KPU Papua Minta Sisa Anggaran Pilkada Segera Dicairkan Semua

Bagikan Bagikan
Ketua KPU Provinsi Papua Adam Arisoi
SAPA (TIMIKA) – Ketua Komisi Pemilihan Umum (KPU) Provinsi Papua, Adam Arisoi,  selaku pemegang kendali tugas KPU Mimika meminta kepada Pemerintah Kabupaten (Pemkab) Mimika unruk segera mencairkan seluruh sisa anggaran Pilkada Mimika yang belum dicairkan.

“Saya sudah hubungi Pemda, meminta sisa anggaran milik Panwaslu dan aparat keamaman harus dicairkan seluruhnya. Saya juga sudah suruh staff kami untuk membuat rincian. Kami minta semua sisa anggaran sudah harus transfer,” ujarnya kepada wartawan di salah satu  hotel di Jalan Cenderawasih, Jumat (29/4).
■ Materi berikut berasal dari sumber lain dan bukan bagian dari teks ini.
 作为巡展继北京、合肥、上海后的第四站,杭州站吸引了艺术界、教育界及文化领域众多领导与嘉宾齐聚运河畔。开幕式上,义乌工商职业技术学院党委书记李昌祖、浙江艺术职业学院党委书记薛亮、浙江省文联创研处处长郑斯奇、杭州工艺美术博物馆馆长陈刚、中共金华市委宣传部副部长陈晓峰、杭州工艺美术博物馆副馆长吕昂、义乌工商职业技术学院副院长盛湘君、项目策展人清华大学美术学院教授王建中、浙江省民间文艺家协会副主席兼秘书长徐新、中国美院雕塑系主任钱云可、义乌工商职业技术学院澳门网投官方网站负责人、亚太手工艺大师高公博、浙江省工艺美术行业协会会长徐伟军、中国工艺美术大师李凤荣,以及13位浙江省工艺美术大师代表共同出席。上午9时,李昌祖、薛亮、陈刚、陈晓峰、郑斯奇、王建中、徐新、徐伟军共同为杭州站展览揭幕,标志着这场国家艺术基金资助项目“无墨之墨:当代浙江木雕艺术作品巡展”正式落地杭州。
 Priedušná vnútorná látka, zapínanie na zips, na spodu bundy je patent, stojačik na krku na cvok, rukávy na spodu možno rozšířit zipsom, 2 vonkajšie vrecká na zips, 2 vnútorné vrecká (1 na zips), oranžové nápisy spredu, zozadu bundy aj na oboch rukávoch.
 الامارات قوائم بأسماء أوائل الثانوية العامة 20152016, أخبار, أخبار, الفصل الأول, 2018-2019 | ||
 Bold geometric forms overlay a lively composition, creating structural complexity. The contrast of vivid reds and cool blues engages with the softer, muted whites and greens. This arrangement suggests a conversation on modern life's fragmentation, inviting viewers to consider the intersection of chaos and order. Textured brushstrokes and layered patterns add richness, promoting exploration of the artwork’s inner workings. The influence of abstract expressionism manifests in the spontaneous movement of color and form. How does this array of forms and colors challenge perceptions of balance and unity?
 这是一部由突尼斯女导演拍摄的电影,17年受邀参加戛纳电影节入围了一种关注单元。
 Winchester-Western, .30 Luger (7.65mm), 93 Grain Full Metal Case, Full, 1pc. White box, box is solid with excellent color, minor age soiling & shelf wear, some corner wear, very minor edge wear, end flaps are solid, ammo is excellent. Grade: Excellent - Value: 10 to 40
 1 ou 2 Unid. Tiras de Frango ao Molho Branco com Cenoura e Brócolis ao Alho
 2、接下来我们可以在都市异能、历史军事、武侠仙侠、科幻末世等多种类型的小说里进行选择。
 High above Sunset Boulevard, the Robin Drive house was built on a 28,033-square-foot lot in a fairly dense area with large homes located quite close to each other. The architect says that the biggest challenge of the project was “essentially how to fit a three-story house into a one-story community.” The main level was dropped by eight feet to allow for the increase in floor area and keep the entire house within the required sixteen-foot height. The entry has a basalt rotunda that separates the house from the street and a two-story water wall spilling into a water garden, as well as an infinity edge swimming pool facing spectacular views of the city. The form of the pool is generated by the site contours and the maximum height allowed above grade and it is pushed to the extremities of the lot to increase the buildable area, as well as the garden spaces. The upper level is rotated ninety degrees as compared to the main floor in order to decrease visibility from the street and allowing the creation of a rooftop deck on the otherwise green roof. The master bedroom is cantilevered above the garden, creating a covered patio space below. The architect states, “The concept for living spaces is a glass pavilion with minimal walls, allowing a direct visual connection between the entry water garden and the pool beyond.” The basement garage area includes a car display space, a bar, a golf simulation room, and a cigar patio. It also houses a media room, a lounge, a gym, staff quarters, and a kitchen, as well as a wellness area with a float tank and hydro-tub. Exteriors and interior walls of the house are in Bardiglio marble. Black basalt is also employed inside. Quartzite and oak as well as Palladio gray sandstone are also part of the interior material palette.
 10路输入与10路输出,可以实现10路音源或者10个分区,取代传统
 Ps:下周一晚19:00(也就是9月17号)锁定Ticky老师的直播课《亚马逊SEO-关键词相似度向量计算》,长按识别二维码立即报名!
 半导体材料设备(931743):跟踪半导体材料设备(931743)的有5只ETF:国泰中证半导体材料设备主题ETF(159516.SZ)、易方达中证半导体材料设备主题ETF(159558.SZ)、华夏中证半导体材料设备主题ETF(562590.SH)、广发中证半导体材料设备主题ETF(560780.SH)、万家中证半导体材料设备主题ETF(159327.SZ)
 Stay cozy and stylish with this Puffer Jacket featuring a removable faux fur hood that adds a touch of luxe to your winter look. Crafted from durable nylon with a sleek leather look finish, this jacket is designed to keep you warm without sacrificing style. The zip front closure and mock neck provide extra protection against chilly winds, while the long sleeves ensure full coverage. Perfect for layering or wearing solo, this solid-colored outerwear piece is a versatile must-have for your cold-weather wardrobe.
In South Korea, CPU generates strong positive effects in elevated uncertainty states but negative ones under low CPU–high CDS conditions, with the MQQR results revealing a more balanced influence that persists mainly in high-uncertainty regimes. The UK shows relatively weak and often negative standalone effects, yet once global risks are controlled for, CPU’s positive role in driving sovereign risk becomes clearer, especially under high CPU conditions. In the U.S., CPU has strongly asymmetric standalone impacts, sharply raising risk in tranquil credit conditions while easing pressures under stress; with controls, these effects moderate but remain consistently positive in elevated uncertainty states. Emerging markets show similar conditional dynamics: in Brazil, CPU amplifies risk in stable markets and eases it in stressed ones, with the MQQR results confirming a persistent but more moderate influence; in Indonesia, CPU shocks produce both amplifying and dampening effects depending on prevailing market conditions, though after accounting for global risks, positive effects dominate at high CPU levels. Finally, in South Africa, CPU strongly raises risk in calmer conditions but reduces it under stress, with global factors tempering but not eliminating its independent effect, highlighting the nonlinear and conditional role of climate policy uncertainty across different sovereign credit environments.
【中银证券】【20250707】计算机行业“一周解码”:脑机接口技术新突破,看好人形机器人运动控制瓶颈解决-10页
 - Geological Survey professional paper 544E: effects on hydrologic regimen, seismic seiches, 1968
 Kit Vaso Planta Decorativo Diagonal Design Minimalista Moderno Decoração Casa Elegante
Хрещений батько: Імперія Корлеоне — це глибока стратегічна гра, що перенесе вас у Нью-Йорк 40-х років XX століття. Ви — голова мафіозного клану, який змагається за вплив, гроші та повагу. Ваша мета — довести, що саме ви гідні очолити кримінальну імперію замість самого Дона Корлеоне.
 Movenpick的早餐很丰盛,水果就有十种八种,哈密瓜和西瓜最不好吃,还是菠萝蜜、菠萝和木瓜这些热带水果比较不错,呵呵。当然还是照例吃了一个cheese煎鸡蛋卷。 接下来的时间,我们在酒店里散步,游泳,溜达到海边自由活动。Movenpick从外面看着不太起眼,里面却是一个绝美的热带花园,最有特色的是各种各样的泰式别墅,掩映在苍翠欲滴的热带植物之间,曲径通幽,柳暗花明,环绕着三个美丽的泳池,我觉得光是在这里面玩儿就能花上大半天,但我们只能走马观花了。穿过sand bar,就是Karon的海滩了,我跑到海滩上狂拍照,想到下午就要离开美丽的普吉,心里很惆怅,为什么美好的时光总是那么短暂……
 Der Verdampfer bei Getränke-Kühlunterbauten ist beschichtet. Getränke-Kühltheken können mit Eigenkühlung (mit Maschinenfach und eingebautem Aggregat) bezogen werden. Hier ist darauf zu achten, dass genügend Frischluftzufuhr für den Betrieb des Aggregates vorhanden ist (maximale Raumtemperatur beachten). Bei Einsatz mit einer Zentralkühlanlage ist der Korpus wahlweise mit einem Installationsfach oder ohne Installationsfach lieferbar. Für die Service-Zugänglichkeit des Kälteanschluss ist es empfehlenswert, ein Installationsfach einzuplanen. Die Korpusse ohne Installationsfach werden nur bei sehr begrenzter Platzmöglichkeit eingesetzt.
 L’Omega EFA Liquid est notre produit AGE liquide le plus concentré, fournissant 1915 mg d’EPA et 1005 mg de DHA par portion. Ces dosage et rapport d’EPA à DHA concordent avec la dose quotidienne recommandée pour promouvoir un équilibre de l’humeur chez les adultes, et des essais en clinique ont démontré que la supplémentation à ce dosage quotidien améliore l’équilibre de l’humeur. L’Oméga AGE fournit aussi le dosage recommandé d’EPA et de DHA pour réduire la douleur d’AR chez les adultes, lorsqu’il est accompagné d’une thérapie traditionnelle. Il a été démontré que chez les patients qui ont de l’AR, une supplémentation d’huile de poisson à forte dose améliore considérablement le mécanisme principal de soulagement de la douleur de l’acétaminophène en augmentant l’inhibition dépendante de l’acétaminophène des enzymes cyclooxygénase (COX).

Ia menegaskan, sejak memegang kendali tugas KPU Mimika, pihaknya sudah mulai menjalankan tugas sehingga tidak boleh ada lagi alasan-alasan yang menghambat kinerja KPU dalam menjalankan tugas dan tanggung jawabnya hanya karena anggaran yang belum diserahkan oleh Pemda.

“Pemda harus segera cairkan sehingga KPU tidak boleh terkendala karena anggaran,” katanya.

Terkait terhambatnya pencairan anggaran  lantaran terkendala tidak adanya sekretaris, kata Adam, hal tersebut bukanlah kendala. Menurutnya, hanya niat baik dari Pemda saja anggaran tersebut bisa dicairkan. Oleh karena itu Pemda diminta untuk segera mentrasfer anggaran tersebut.

“Menurut saya masalah bukan sekretaris tapi niat baik saja barang dicairkan., toh kami sudah kirim orang kok . Jadi sekretaris tidak menjadi masalah,” ujar Adam.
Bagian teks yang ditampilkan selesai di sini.